Copy out exactly the stretch below, from the line with "Заспокійливий засіб з" through the line with "Sporas izskatās ļoti", both included; the pictures stay out.

:: LISTED RECORDS

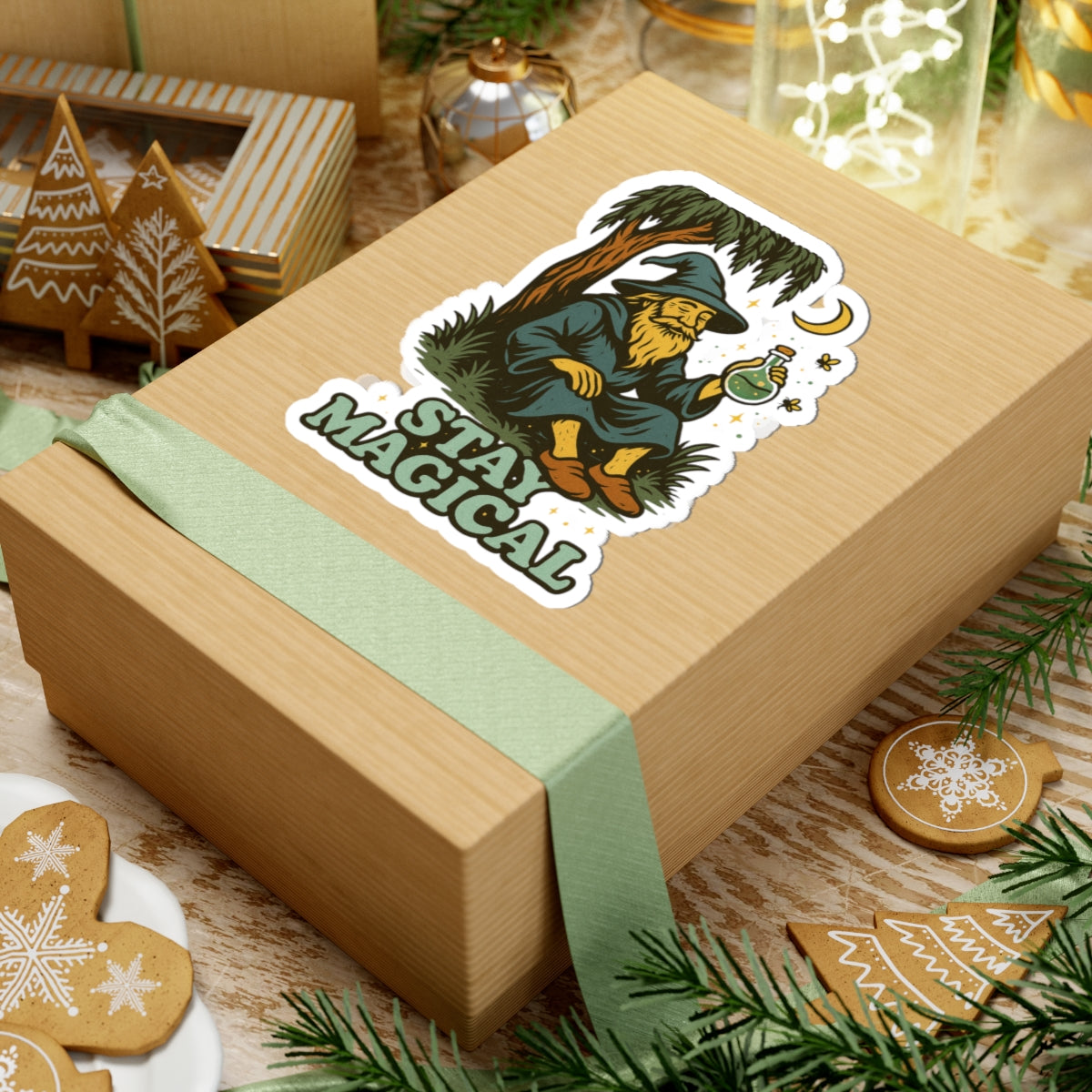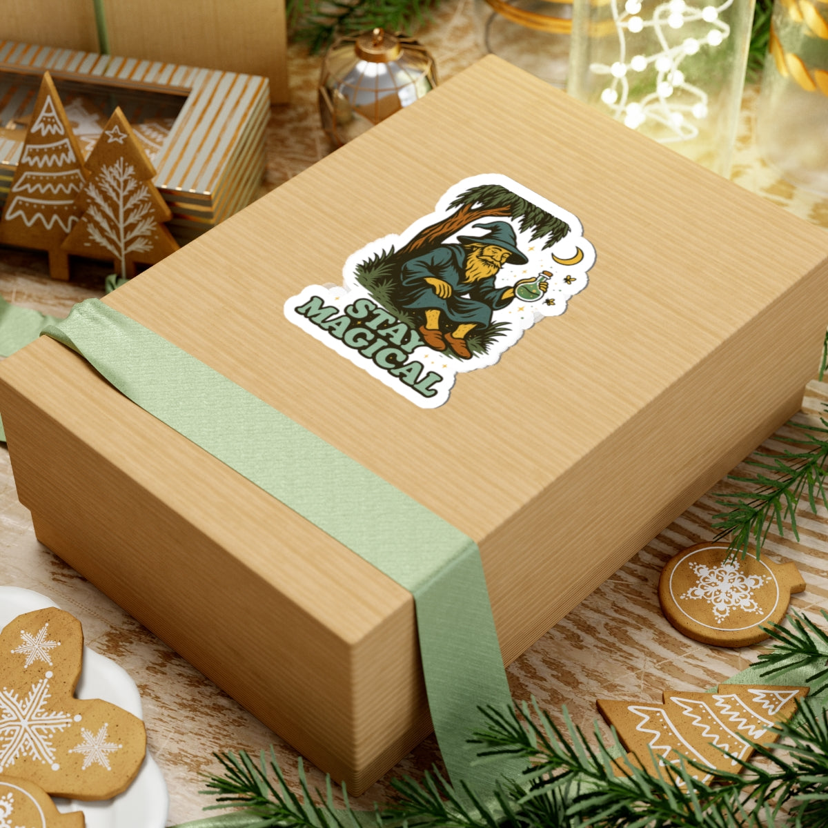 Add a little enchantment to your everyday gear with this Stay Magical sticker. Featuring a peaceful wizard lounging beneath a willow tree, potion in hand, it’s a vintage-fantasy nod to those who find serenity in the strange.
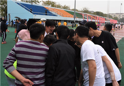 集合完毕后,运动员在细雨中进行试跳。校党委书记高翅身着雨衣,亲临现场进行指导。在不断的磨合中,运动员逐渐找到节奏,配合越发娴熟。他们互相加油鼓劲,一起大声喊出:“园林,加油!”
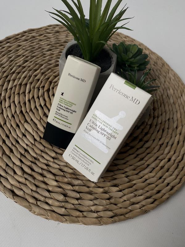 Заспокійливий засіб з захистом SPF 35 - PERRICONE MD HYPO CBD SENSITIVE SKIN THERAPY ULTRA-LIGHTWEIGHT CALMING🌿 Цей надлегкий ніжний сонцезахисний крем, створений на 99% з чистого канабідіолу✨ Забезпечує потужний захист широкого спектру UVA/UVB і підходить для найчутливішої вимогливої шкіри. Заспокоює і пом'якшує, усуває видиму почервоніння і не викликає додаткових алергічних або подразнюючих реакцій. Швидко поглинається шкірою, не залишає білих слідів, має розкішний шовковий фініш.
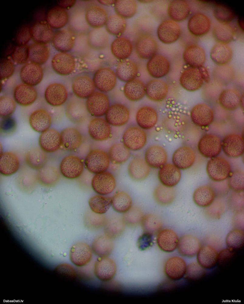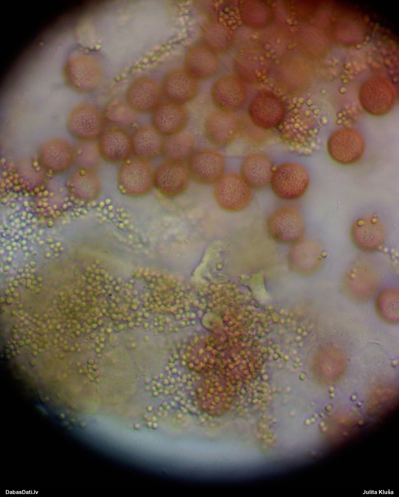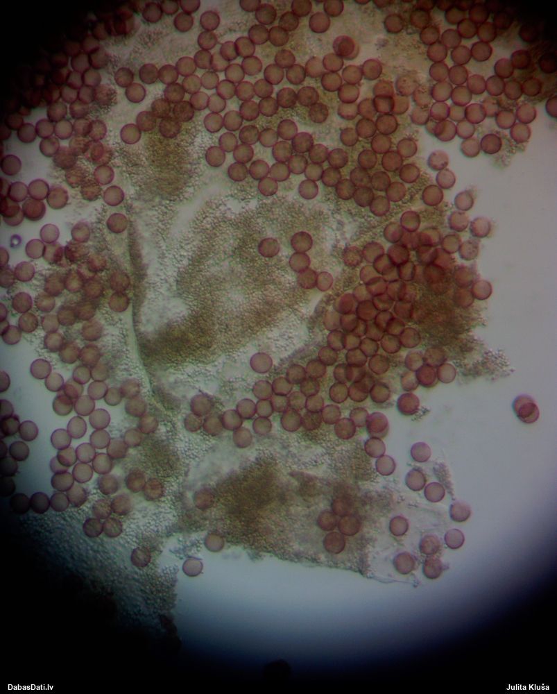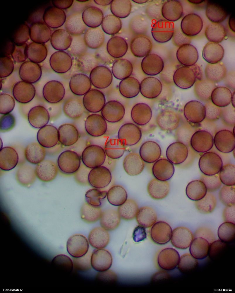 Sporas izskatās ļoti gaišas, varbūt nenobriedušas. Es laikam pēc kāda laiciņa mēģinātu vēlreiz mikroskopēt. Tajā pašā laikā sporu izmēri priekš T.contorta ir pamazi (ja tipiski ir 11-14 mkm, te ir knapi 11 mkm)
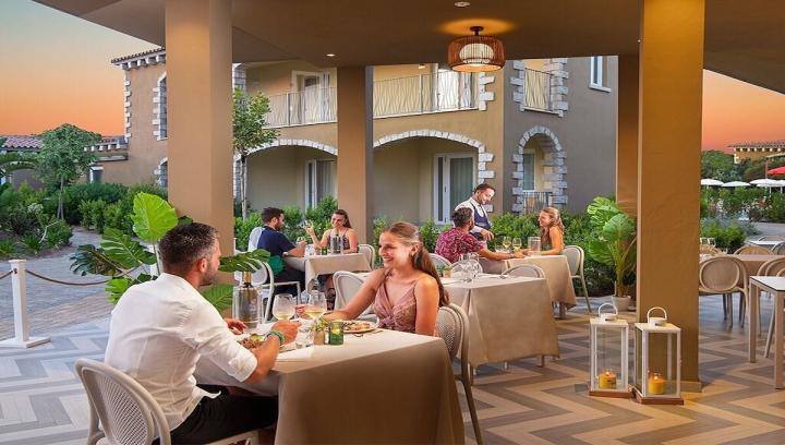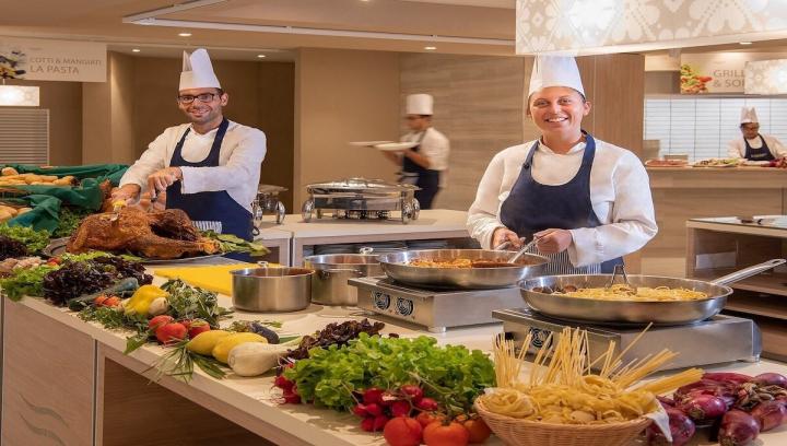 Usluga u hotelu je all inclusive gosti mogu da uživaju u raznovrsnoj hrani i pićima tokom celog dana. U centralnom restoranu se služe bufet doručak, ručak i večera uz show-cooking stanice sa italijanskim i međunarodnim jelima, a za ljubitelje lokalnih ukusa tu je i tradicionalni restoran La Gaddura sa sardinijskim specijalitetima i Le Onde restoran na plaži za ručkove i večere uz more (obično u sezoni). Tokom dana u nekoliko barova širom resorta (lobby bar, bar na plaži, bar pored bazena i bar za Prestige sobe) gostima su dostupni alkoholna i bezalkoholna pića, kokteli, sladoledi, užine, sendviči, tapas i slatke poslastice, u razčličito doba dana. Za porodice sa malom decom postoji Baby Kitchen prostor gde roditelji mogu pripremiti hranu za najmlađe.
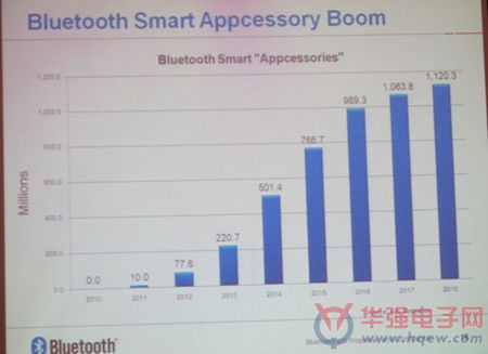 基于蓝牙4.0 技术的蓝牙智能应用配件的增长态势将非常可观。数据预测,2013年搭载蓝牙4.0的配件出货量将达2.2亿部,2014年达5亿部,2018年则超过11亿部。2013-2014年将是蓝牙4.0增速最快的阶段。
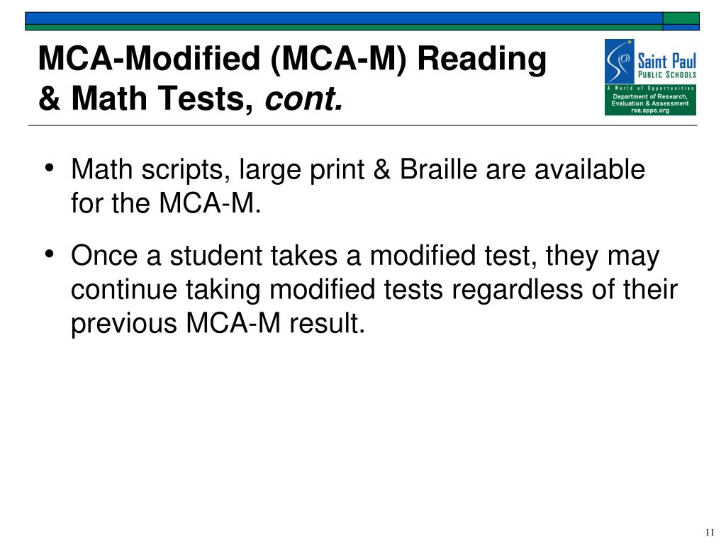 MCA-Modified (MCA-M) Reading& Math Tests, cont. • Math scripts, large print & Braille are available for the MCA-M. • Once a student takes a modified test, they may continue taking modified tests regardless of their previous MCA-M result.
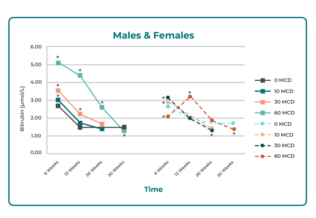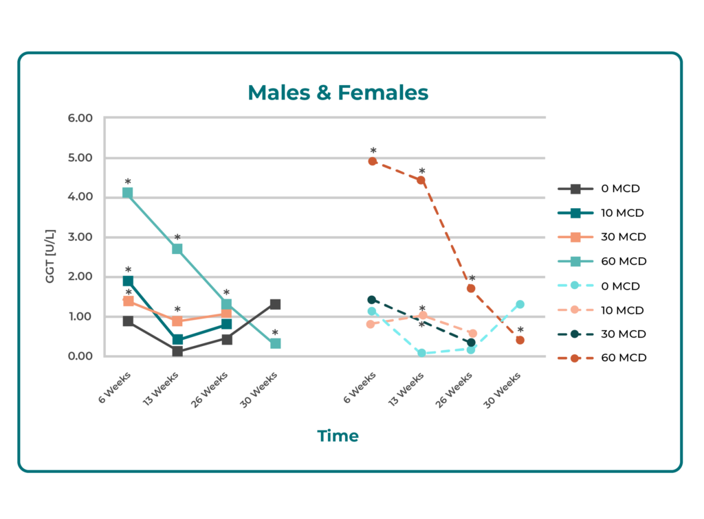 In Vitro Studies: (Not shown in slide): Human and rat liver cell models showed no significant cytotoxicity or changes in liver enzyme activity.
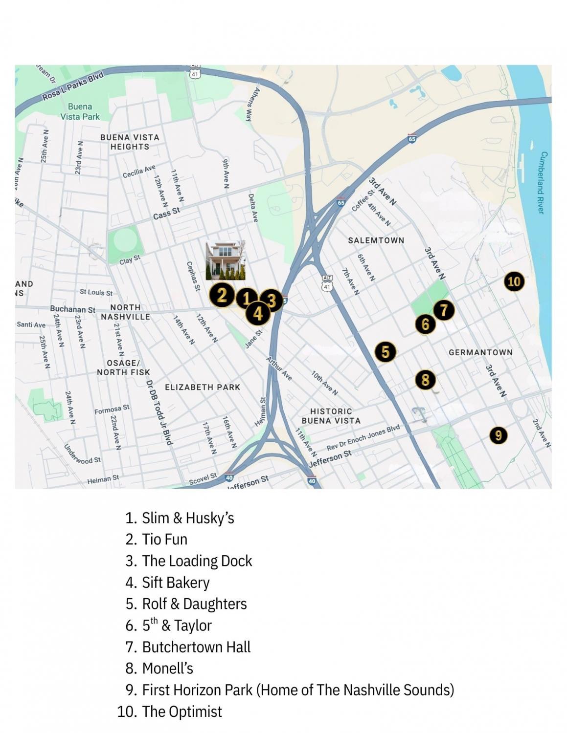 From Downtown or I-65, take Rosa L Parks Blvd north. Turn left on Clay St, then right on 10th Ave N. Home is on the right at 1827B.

::::

* ANSWER BOX:
 Заспокійливий засіб з захистом SPF 35 - PERRICONE MD HYPO CBD SENSITIVE SKIN THERAPY ULTRA-LIGHTWEIGHT CALMING🌿 Цей надлегкий ніжний сонцезахисний крем, створений на 99% з чистого канабідіолу✨ Забезпечує потужний захист широкого спектру UVA/UVB і підходить для найчутливішої вимогливої шкіри. Заспокоює і пом'якшує, усуває видиму почервоніння і не викликає додаткових алергічних або подразнюючих реакцій. Швидко поглинається шкірою, не залишає білих слідів, має розкішний шовковий фініш.
 Sporas izskatās ļoti gaišas, varbūt nenobriedušas. Es laikam pēc kāda laiciņa mēģinātu vēlreiz mikroskopēt. Tajā pašā laikā sporu izmēri priekš T.contorta ir pamazi (ja tipiski ir 11-14 mkm, te ir knapi 11 mkm)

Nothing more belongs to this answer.